…В годы нэпа среди театральных работников была популярна формула о «разложении буржуазии, которая отталкивает… к себе». Эта формула в течение долгого времени определяла рецептуру эстрадной сатиры и юмора. Сколько сотен, сколько тысяч раз «разоблачение» буржуазии, обывателя незаметно превращалось в культивирование буржуазных пережитков, обывательских мыслишек, требований. Смирнов-Сокольский, готовя свои фельетоны, не раз прибегал к системе, истоки которой можно найти еще в древней детской присказке о сороке-вороне, которая, как известно, кашку варила, детям говорила: тому дала, тому дала… Фельетонист стремился дать «свою», привычную порцию каждому из разнокалиберных зрителей, наполнявших зал театра. Ему хотелось сохранить за собой аплодисменты
…Слушателя фельетона «На все Каспийское море» в равной мере радуют и текст, и артистизм исполнения, и та достойная, благородная манера, с которой Смирнов-Сокольский передает свои мысли и чувства. Новый фельетон он читает сосредоточенно и сильно, с настоящим внутренним пафосом. «В каждом деле – боль наша, радость наша…». И эта боль, и эта радость, и чувство непоколебимого человеческого, гражданского достоинства (которого еще так часто недостает эстрадным юмористам) – все это настоящее, все это не наигранно, а потому захватывает, убеждает.

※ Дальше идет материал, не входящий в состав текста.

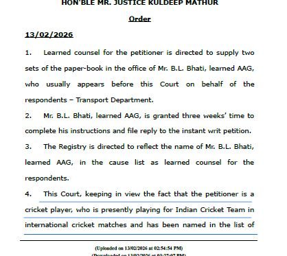 जोधपुर। राजस्थान हाईकोर्ट ने भारतीय क्रिकेट टीम के अंतरराष्ट्रीय खिलाड़ी रवि बिश्नोई को बड़ी राहत देते हुए परिवहन विभाग द्वारा जारी नोटिस की प्रभावी कार्रवाई पर अंतरिम रोक लगा दी है।
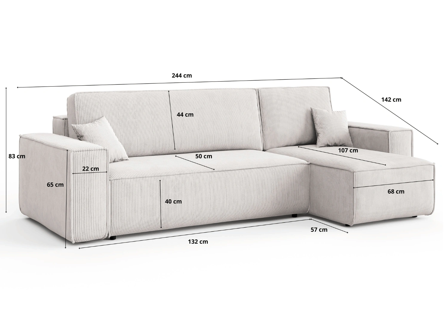 Ecksofa mit Schlaffunktion und Bettkasten L-form 244x142x80 cm Denis
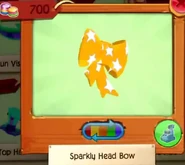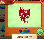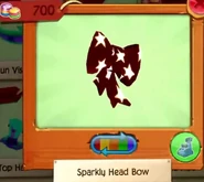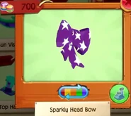 The Sparkly Head Bow is a clothing item worn on the head. It was originally released in the Beta Testing at Jamaa Store (Jam Mart Clothing) for 450 Gems.
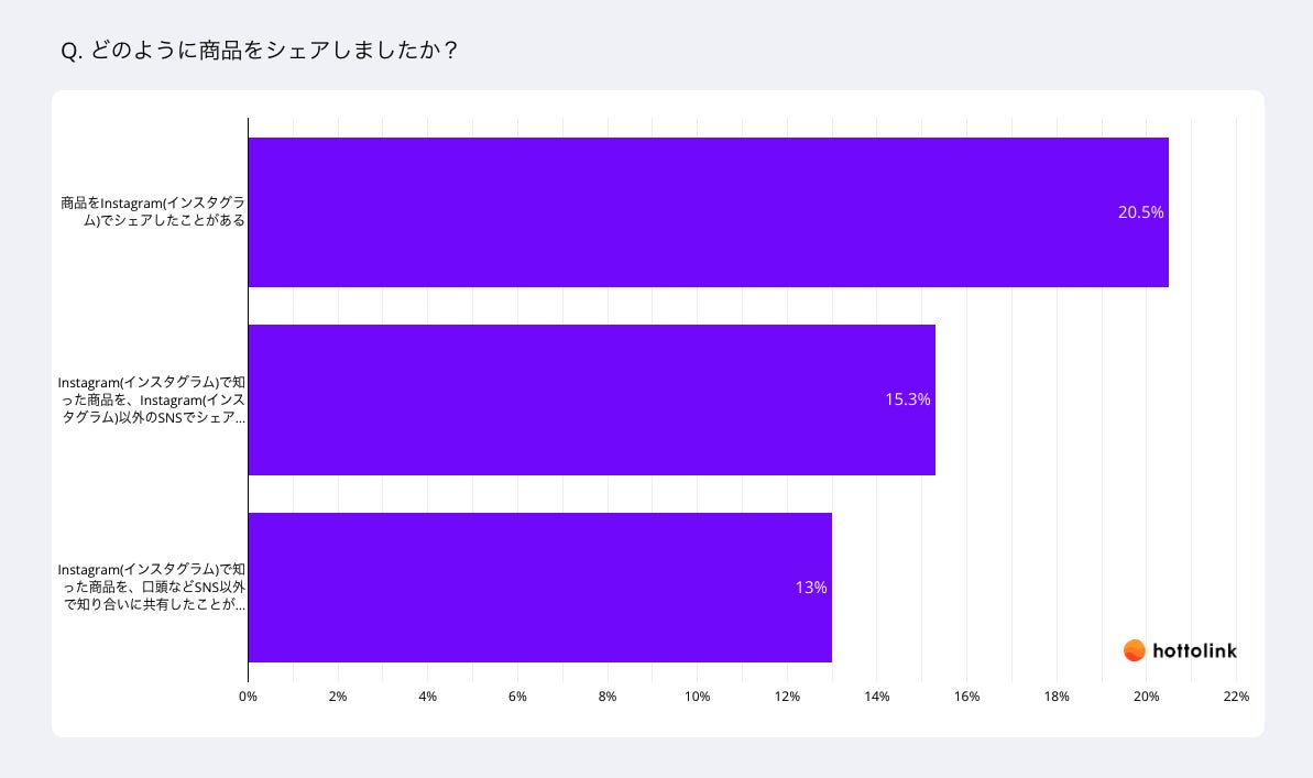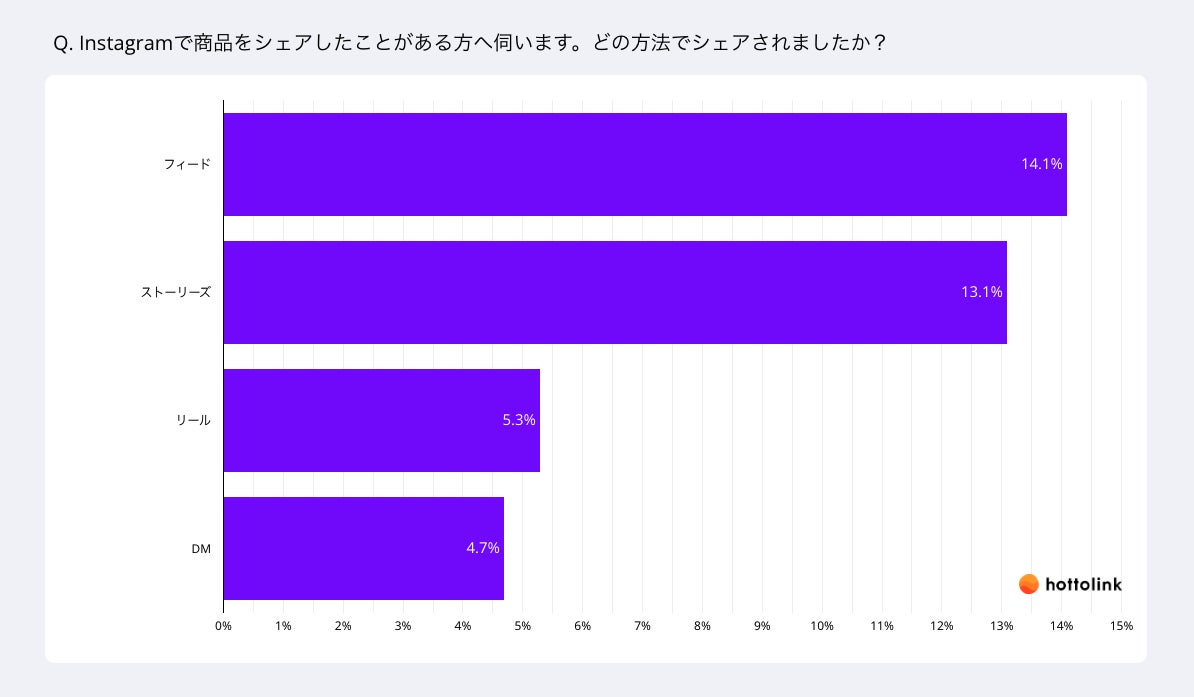 また、Instagram上でのシェアについては、フィードとストーリーズがもっとも多い結果となりました。今後は、リールの活用が活発化すれば、短尺動画を用いたシェアが増えていくことも推測されます。
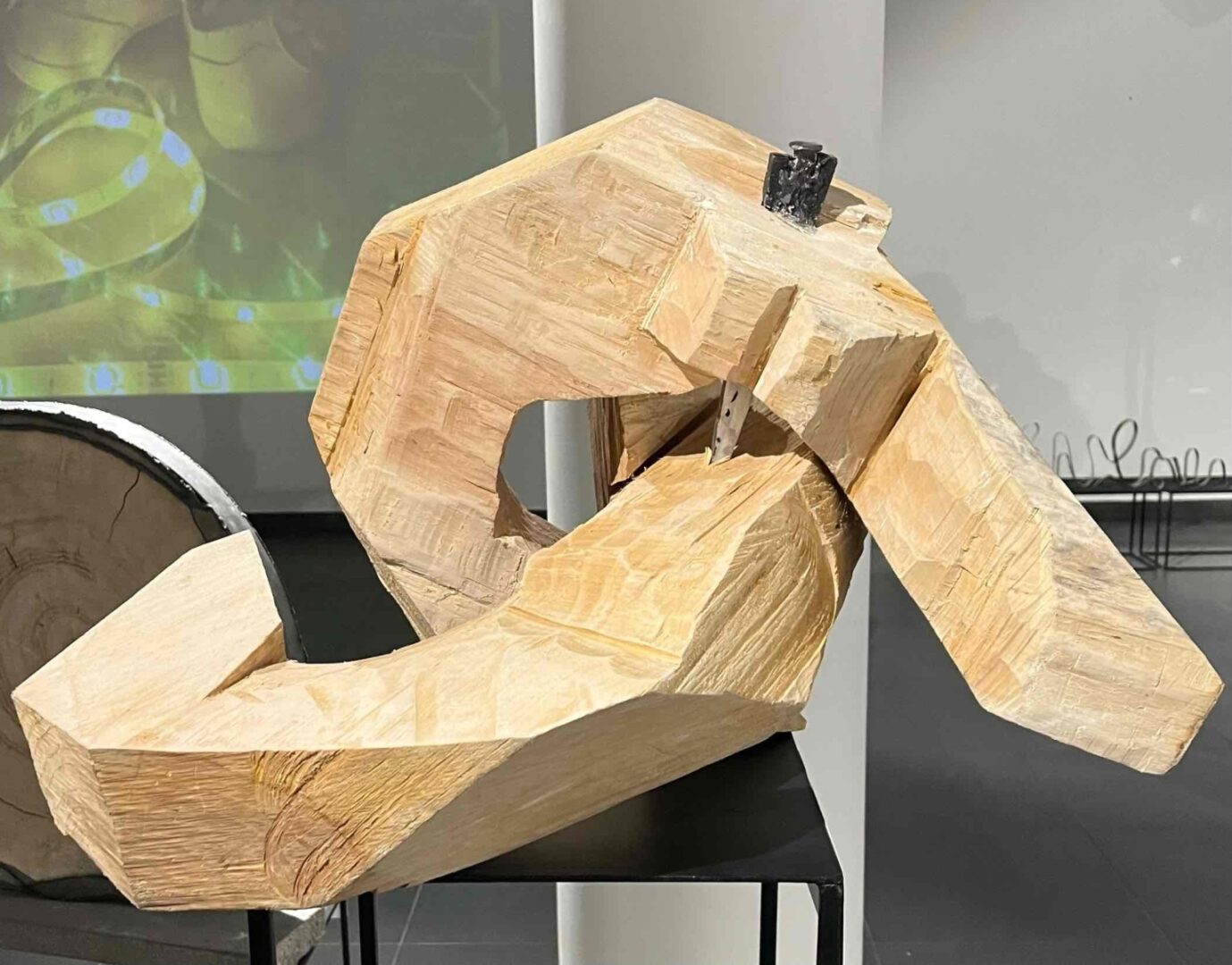 Na wystawie praca: Przekraczanie drewno i metal, ok. 70 x 50 x 60 cm 2024

Характерная деталь: большинство старых своих фельетонов Смирнов-Сокольский исполнял в несколько крикливой, порой подчеркнуто вульгарной манере, подавал ударные места форсированным звуком. Нередко посреди исполнения номера он, как бы чувствуя, что внимание какой-то из «прослоек» аудитории уплывает, хладнокровно отшвыривал все Мало-мальски серьезные, «политические» места и выхватывал из копилки памяти «боевички» старых фельетонов, стараясь «оттолкнуть к себе» возможно большее количество аплодисментов. Тем самым фельетон начинал утрачивать подобие произведения на какую-то определенную тему, сатирическая мысль улетучивалась.
В новом фельетоне артист равняется по передовому, прогрессивному, лучшему, что есть в зале, по тому, что есть в сознании и чувствах советского гражданина, а отнюдь не по тем пережиткам, которые еще гнездятся в закоулках психологии. И в этом залог успеха – успеха внешнего, успеха внутреннего – советского политического фельетона. Актер думает не о том, чтобы не утерять какой-то лишний смешок, лишний хлопок, а о том, чтобы сохранить политический пафос, донести нерасплесн^той большую гражданскую мысль, вдохновляющую его выступление. И слушатель оценивает это. Пожалуй, впервые за всю свою практику Смирнов-Сокольский большую часть фельетона говорит не в подчеркнуто резких тонах, а «нормальным человеческим голосом» – аудитория помогает исполнителю; выступая даже на шумной летней садовой эстраде, он теперь ухитряется – быть может, потому, что не хитрит, – полностью, без всяких летучих купюр прочитывать фельетон…» («Театр», 1940, № 4).
Годы Великой Отечественной войны явились для Смирнова-Сокольского, как и для всех советских людей, годами великого испытания духовных сил и гражданского самосознания, годами честной, напряженной, безотказной ^работы, подчиненной одной высокой задаче.
И тем весомее была эта работа, начатая без промедления, в первые же часы войны, что она была в известной мере подготовлена предшествующей его деятельностью.
«Быть готовыми!» – так называлась его статья, опубликованная в «Правде» осенью 1939 года, где он настойчиво напоминал о необходимости для работников искусства «держать порох сухим», быть внутренне мобилизованным и профессионально оснащенным на случай военной опасности. А в самый канун войны, в мае – июне 1941 года, он выступает в первой летней программе сада «Эрмитаж», отданной воспитанникам руководимой им Всесоюзной студии эстрадного искусства, с новым фельетоном – «Опасный возраст» («Стыд идет!»).
Уже не раз ему доводилось строить свои фельетоны в живой перекличке с «вечными спутниками», классическими литературными образами – Гоголя, Чехова прежде всего. В «Опасном возрасте», едва ли не впервые, он обращается к классику русской литературы, служившему примером политической сатиры, испепеляющего обличения и подлинно гражданской боли, – Салтыкову-Щедрину. Щедринский образ неумолкающей Совести, образ Стыда, проникающего в глубину сознания, позволил повести рассказ на самой высокой общественно-нравственной ноте, обличая все, что может столкнуть людей нового общества в трясину обывательщины, мелких, жалких «чувствишек», неуважения к человеку, подымая гневный, встревоженный голос против мертвенной самоуспокоенности, ставящей под удар все обретенное и завоеванное революцией.